El capitalismo se ha hecho rápidamente eco de esta nueva situación y ha abierto nuevos mercados que tratan de empoderar a los consumidores a través de la mejora de sus habilidades y atractivo sexual a través de gimnasios, moda, cosméticos y cirugía estética. El valor absoluto en el nuevo mercado de las relaciones es la belleza física, la capacidad de seducir al otro de la manera más inmediata posible. También todo esto da lugar a relaciones interesadas, en las que el atractivo físico se intercambia por bienes materiales, aunque la diferencia de edad y belleza e incluso inteligencia entre estas parejas sea ostensible. Este testimonio (si se le puede llamar así) de una bloguera se repite como un patrón de deseo, quizá demasiado superficial, en ciertas jóvenes:

"¿Realmente podría ser feliz junto a un hombre con edad como para ser mi padre? ¡Sí, sí y sí! Es que, ¿saben?, para mí eso de estar meticulosamente arreglada y fabulosa a toda hora dista de ser un sacrificio. Amo combinar la ropa que me pongo, hacerme manicuras/pedicuras y, por encima de todo, ir de compras. Amo todas estas cosas con o sin el beneficio de conocer a hombres ricos (preferiblemente con). Verme espléndida me da un subidón porque soy perfeccionista hasta la médula y no me conformo con menos. Además, si estuviera casada con un hombre rico me cuidaría igual que ahora (...). La mujer que ves caminando por la calle es una obra de arte. Hay mucho trabajo de mantenimiento - manicuras, pedicuras, cortes de pelo, depilación con cera o con pinza, platinado y COMPRAS - en esa obra de arte. El arte refleja tu estilo de vida y tu estatus. Si lo que quieres es un trofeo, tienes que estar dispuesto a pagar el precio."

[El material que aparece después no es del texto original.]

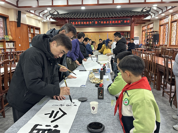 为贯彻落实国家语委《国家中长期语言文字事业发展和改革规划纲要》《教育部关于中小学开展书法教育的意见》的精神,12月27日,由枣庄市文联、共青团枣庄市委主办,市书法家协会、市文艺志愿者协会、市青少年宫、市青少年书画院、市中区文联、共青团市中区委、市中区教体局、市中区建设路小学共同承办的“笔墨诗书迎新年”暨“书法名家进校园”活动在市中区建设路小学隆重举行。

Por supuesto, esta actitud no es representativa de la mayoría de las jóvenes, que anhelan más bien ser personas independientes y capaces de ganarse la vida por sí misma, pero si refleja parte de la superficialidad en la que han derivado las relaciones amorosas y el desarrollo de egos desmesurados que proporcionan los likes en las redes sociales. La posibilidad de ir saltando de un romance a otro, de seducir a muchos y despertar el deseo en muchos otros, es una especie de fin en sí mismo, una especie de validación frente a uno mismo y frente a los semejantes de la propia habilidad amorosa: una persona que se mantenga virgen, sobre todo si es de manera involuntaria, tiene escasas posibilidades en este mercado despiadado:

"(...) la reducción de opciones conduce a un proceso de valoración, o bien, por expresarlo de otra manera, que la abundancia promueve la devaluación, porque, en una situación de abundancia, es más factible que los objetos y las personas se vuelvan intercambiables y, por ende, reducibles a su valor monetario abstracto."

A todos estos ingredientes, hay que añadir un factor muy poderoso a la hora de alimentar esta realidad social: la inestabilidad laboral, una realidad que hace que las relaciones se resientan, pues no solo se trata ya de la falta de trabajo, sino que en muchos de los existen los horarios irregulares y los sueldos escasos socavan las relaciones al traer continuos problemas de orden material a las mismas. Todo este análisis lo realiza Eva Illouz, una de las sociólogas más destacadas de nuestro tiempo, de manera magistralmente objetiva, acordándose también en las últimas páginas de las novelas de Michel Houellebecq y de los que se consideran a sí mismos los grandes perdedores de estas nuevas reglas de juego, los autodenominados incels, célibes involuntarios que no son capaces de competir en este mercado debido a su físico poco atractivo o a su timidez. Desde luego, El fin del amor, acierta plenamente al plantear de una manera científica uno de los grandes debates sociológicos del siglo XXI.